Jamais en retard d’une tendance, avec Si solo fuera yo un pajaro, Sergent Garcia se met au reggaeton, le son du moment, mélange de rap, musique latine et reggae. Le Français garde d’ailleurs toujours une affection particulière pour le hip hop qu’il sert pur avec des relents d’Eminem sur Non-words ou coupé à la salsa dans Les 5 sens du guerrier.
C’est cette alliance entre musique populaire et urbaine que Bruno cherchait à atteindre. Pour cela, il s’est adjoint les services de Toy Hernandez, le producteur de Control Machete, le premier groupe de rap latino à avoir irradié sur tout le continent américain à la fin des années 90. Sa capacité à intégrer un instrument acoustique dans une structure électronique l’a emballé d’emblée. Le résultat est parfaitement convaincant sur Yo me voy pa’ la cumbia où le Sergent lorgne vers la cumbia, ce style à base d’accordéon, répandue dans toute l’Amérique latine (même si les connaisseurs ne jurent que par la colombienne, la vraie !).
Un pont entre tradition et modernité
Cette collaboration avec le Mexicain lui a permis d’enregistrer au pays des Aztèques, à Monterrey, ville limitrophe des Etats-Unis. Un choix loin d’être anodin puisque pour le chanteur, le Mexique représente la charnière entre nord et sud, tradition et modernité. Le titre de ce cinquième album, Mascaras, (masques en français), est d’ailleurs un hommage à une des grandes traditions du pays : la lucha libre. Dans ce catch très populaire, les protagonistes montent sur le ring le visage couvert d’une cagoule. Un choix allégorique pour El Sergento, une façon de rappeler que dans notre monde de communication à outrance, les idées, les personnes ne correspondent pas toujours à la description qui en est faite. Derrière les effets d’annonce, il faut encore chercher la vérité.

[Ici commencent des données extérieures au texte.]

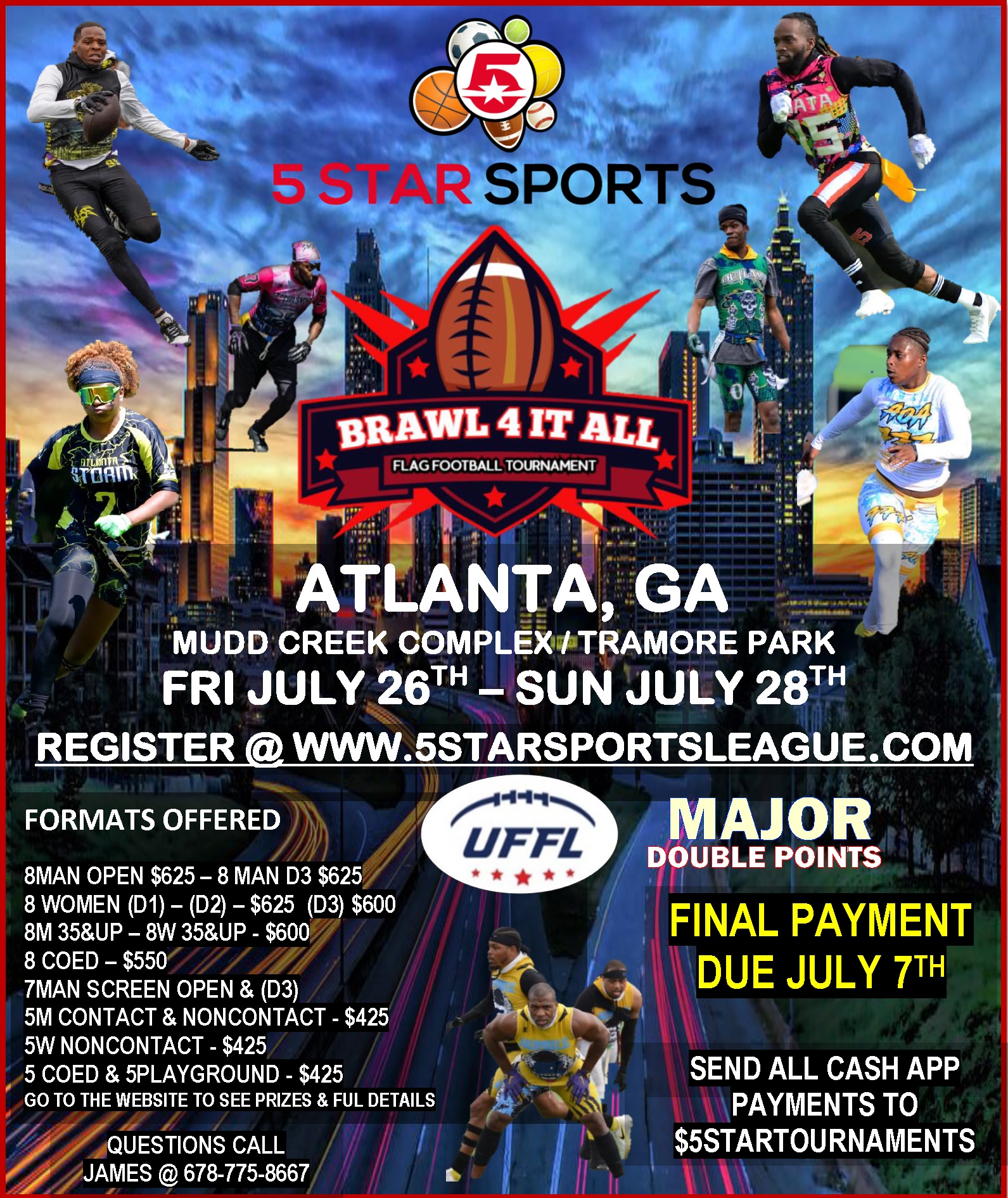 Join 5 Star Youth Alliance Inc. for our 6th Annual Brawl 4 It All Flag Football.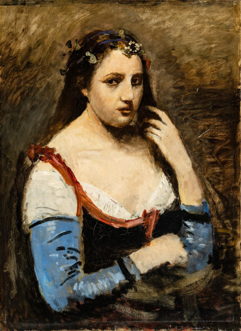 Хотя французский художник Камиль Коро (1796–1875) известен прежде всего своими гармоничными и изящными пейзажами, в последние два десятилетия своей жизни он также написал множество фигуративных работ. Часто он изображал своих моделей в итальянской или восточной одежде в натуральную величину. Эти картины представляют собой определенный переход между портретами, исследующими индивидуальные черты модели, её личность и душевное состояние, и идеализированными зарисовками. Модели чаще всего были представлены в естественной или студийной обстановке, но коричневатый, темный фон рассматриваемой картины, названной в честь цветов, украшающих волосы женщины, остается неопределенным. Движение руки женщины, поправляющей волосы, и её вопросительный взгляд, когда она поворачивается к зрителю, создают ощущение запечатленного момента. Незаконченная, похожая на эскиз картина дает представление о методе работы художника: Коро сначала набросал темный фон, а затем проработал более светлые тона. Рентген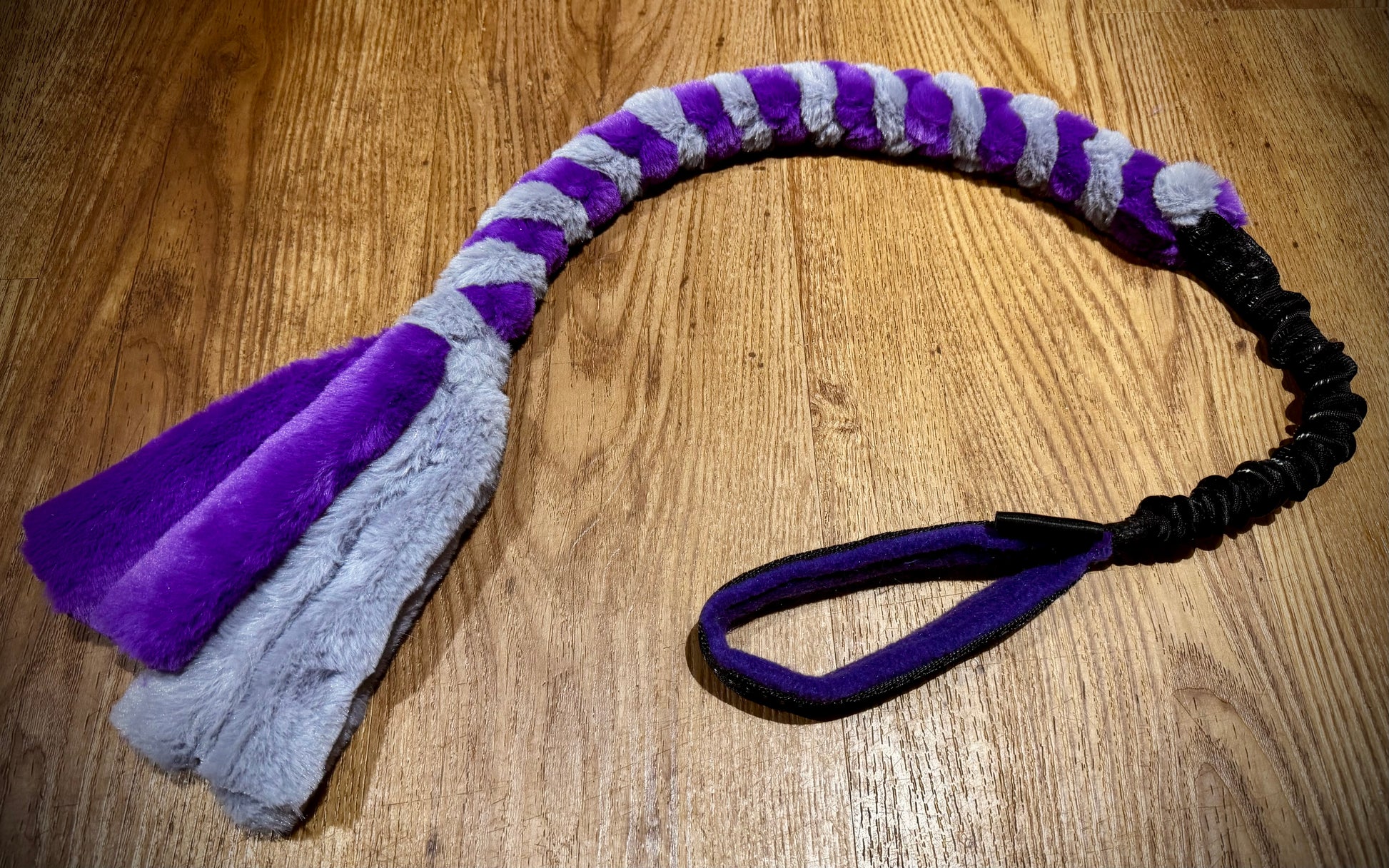 A short fluffed and super soft fabric, braided into a strong twister braid on a double bungee comfort handle.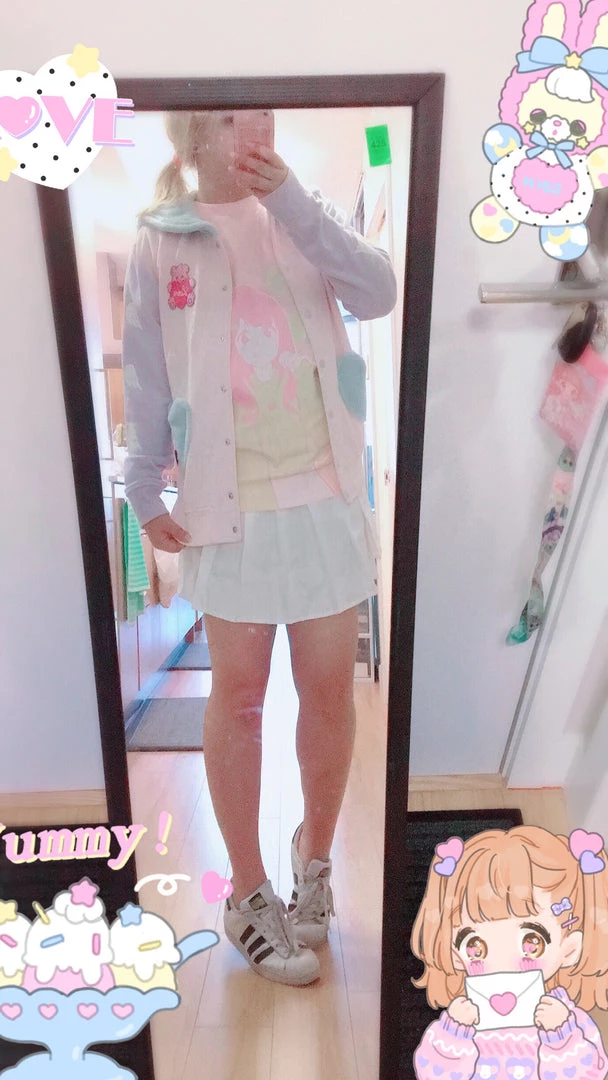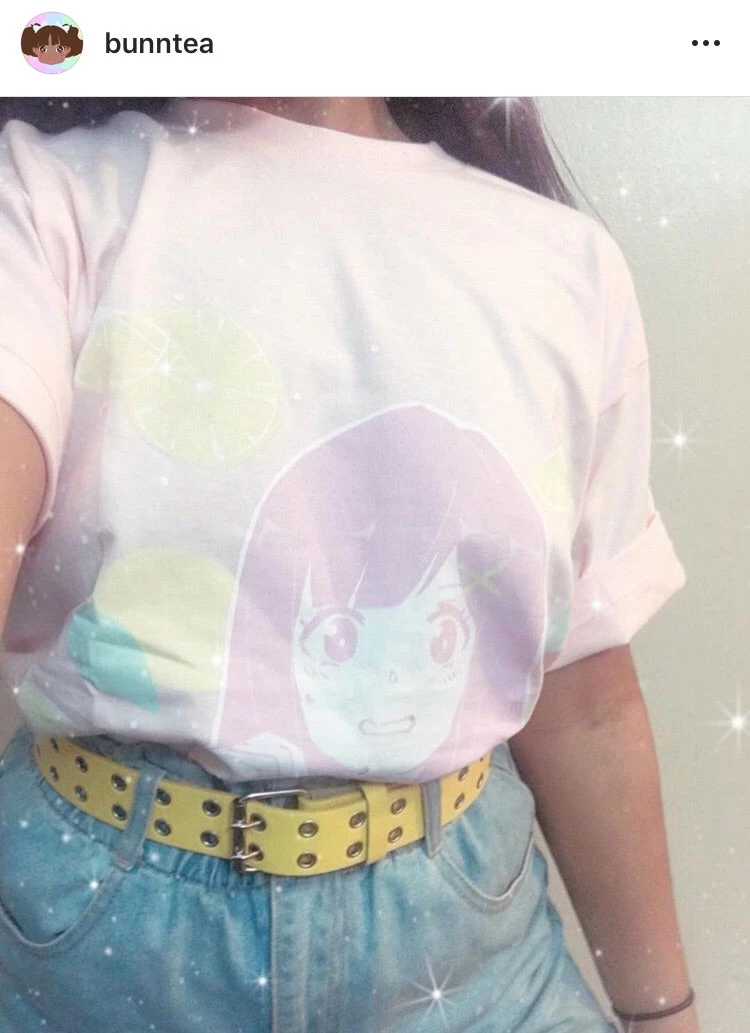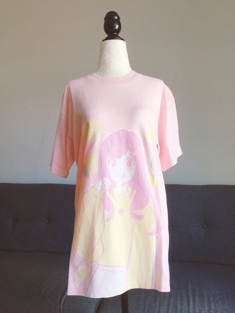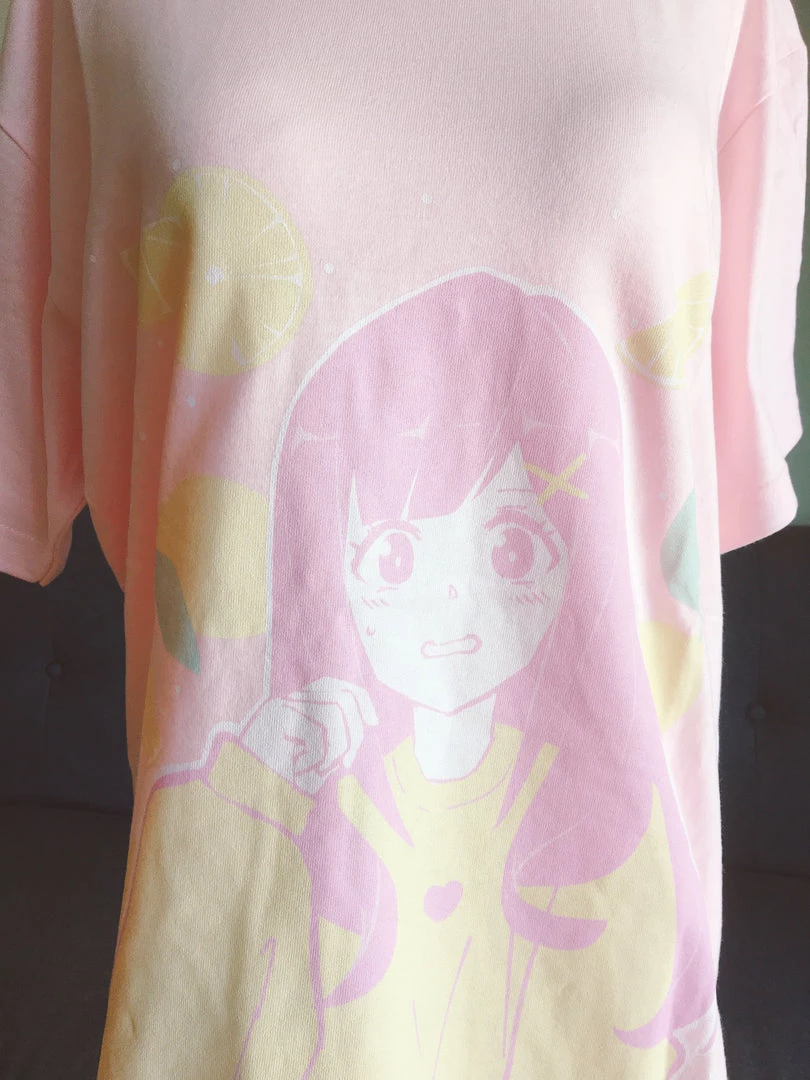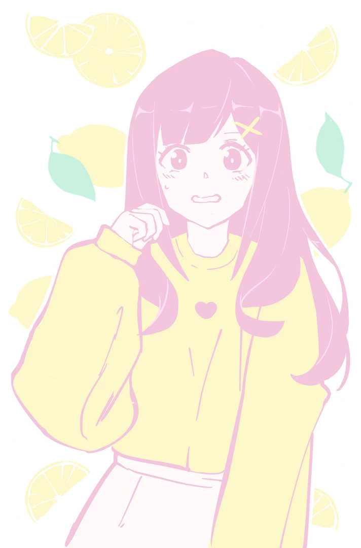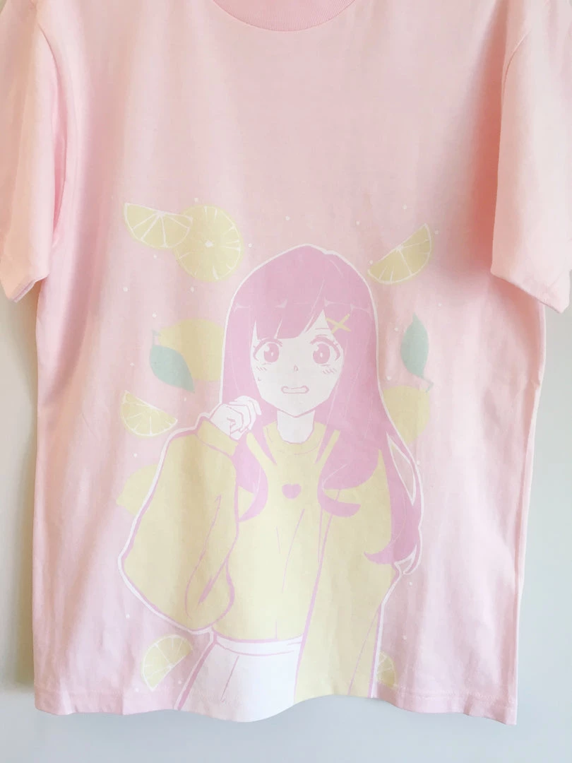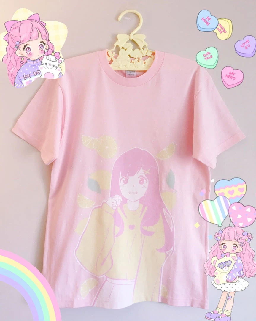New, limited edition design by fawnbomb featuring a shy girl with pink hair and a yellow sweater, seemingly caught in the middle of an innocent confession.

De Mexico à Barranquilla, en passant par Buenos Aires ou Lima, Sergent Garcia vous offre le meilleur de la musique latine. Sa salsa-muffin maintenant bien étoffée se coule librement dans tous les styles du continent. Plus qu’un disque, Mascaras se révèle bien vite une carte de visite plus que présentable des musiques qui émoustillent cette Amérique hispanisante. Une bonne manière de continuer l’été à la rentrée.